End of job security and the rise of squiggly careers + solopreneurship
Simon and Eliza argue layoffs and investor pressures destroyed the implicit contract of loyalty. In response, more people build non-linear, multi-income careers—often as solopreneurs with no desire to manage employees—because it can feel more controllable than corporate fragility.
Inheritocracy: the Bank of Mom and Dad replaces corporate loyalty
Eliza claims family wealth and support now provide the stability work no longer does, shifting incentives for young workers. She argues many employees can advance faster via parental support (housing deposits, networks) than by being loyal to employers—undermining meritocratic narratives.
Why young people don’t have “the hunger”: incentives, parenting, and unequal support
Eliza reframes “lack of hunger” as a predictable outcome of changed rewards and observed parental burnout. Young people saw stressed, dehumanized work and diminishing returns; those without family support often display the greatest hunger because they must support themselves (or even their parents).

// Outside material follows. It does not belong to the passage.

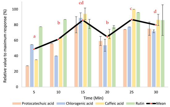 To achieve an efficient MAE for phenolic compounds in roselle, extraction kinetics was performed by checking the extraction yield over a period of time. The extraction kinetics was evaluated by running extractions at the optimum MAE condition for 5 to 30 min. Afterward, the evaluation was conducted using the average of the relative value to the maximum yield of the extracted compounds (Figure 3). The ANOVA suggested that the extraction time significantly affected the extraction yield (p < 0.05). The proposed extraction time for phenolic compounds from roselle was 15 min to achieve the highest yield (LSD, p < 0.05), as an extended extraction time to 30 min did not enhance the extraction recovery compare to the longer extraction time. Increasing the extraction time will not alter the extraction yield after the full recovery was reached. While the decrease of the yield with longer extraction time might occur due to the degradation of the compounds or interaction between compounds as a result of microwave exposure [34,35].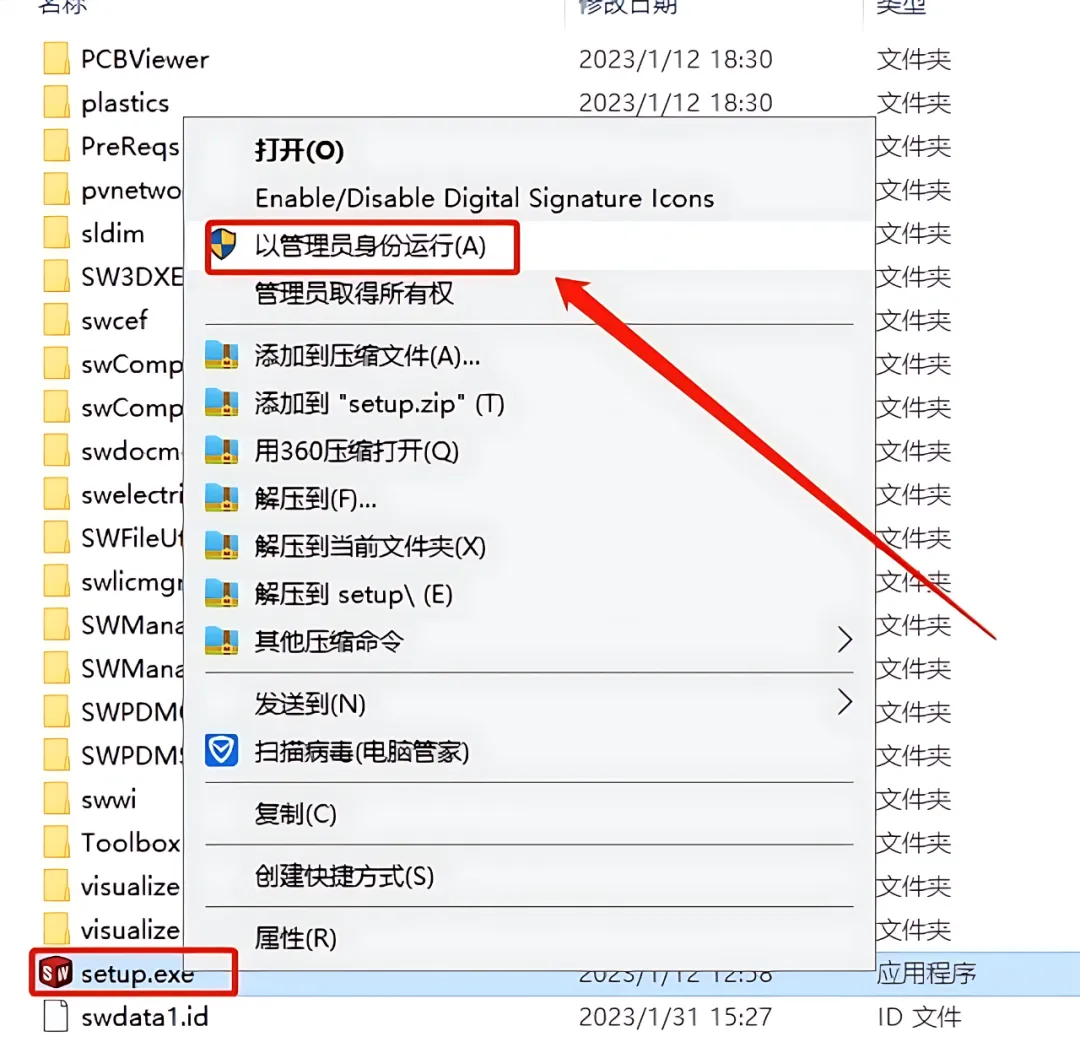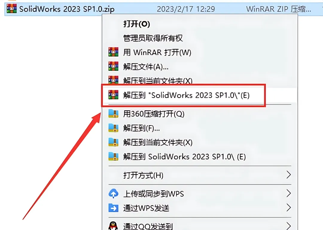 1.打开下载的SolidWorks 2023软件安装包,鼠标右击压缩包选择【解压到SolidWorks 2023】。

A changed life cycle: delayed adulthood and a squeezed, pressured midlife
Eliza outlines a shifting life course: adulthood arrives later, midlife becomes more burdened, and retirement is being reinvented. She highlights the “sandwich” pressures—childcare and eldercare—and argues workplaces and institutions haven’t adapted to this new timeline.
Dual-income households reshape gender roles—and expose eldercare as the next workplace issue
Eliza argues dual-income households are now the norm, forcing a renegotiation of domestic labor. While fathers have stepped up more in childcare, eldercare remains uneven and under-discussed—and organizations must treat it as a mainstream work-life reality.
“Entitlement” as a mirror of corporate rules: get paid now because loyalty is gone
Simon presents a key behavioral inversion: instead of proving value then requesting a raise, younger workers ask for compensation upfront. He frames it as employees adapting to companies’ reduced loyalty; if organizations want different behavior, they must rebuild stability, belonging, and a credible career path.
Hyper-individualism and “Dirty Kitchen Syndrome”: small signals of a transactional culture
Eliza links rising individualism to workplace behavior that erodes communal norms, like not cleaning shared kitchens post-COVID. She connects this to remote/hybrid work reducing low-stakes socialization and to incentive systems that reward “I” over “we.”
AI as the next “generation” at work—and the chance to re-humanize jobs
Eliza proposes treating AI like a new workplace cohort: fast, eager, sometimes wrong, needing management. The opportunity is to let AI handle measurable output tasks while humans focus on uncountable value—care, wisdom-sharing, and communication—rebuilding trust and belonging in the process.
Taylor Swift tickets, judgment economy, and rebuilding the path to mastery
Eliza shares an example from elite law firms: AI reduces grunt work (fewer paralegals), while relationship-building becomes more central—even via client experiences like concert tickets. They warn that automating early-career grind can disrupt mastery, making deliberate human skill development and mentoring essential.
How generations can come together: redesign work around trust, learning, and reciprocity
They close on a hopeful synthesis: generational friction is solvable when organizations rebuild reciprocal obligations and design for human connection. The practical path is intergenerational learning, clearer expectations, and cultures that reward “we,” not just individual output.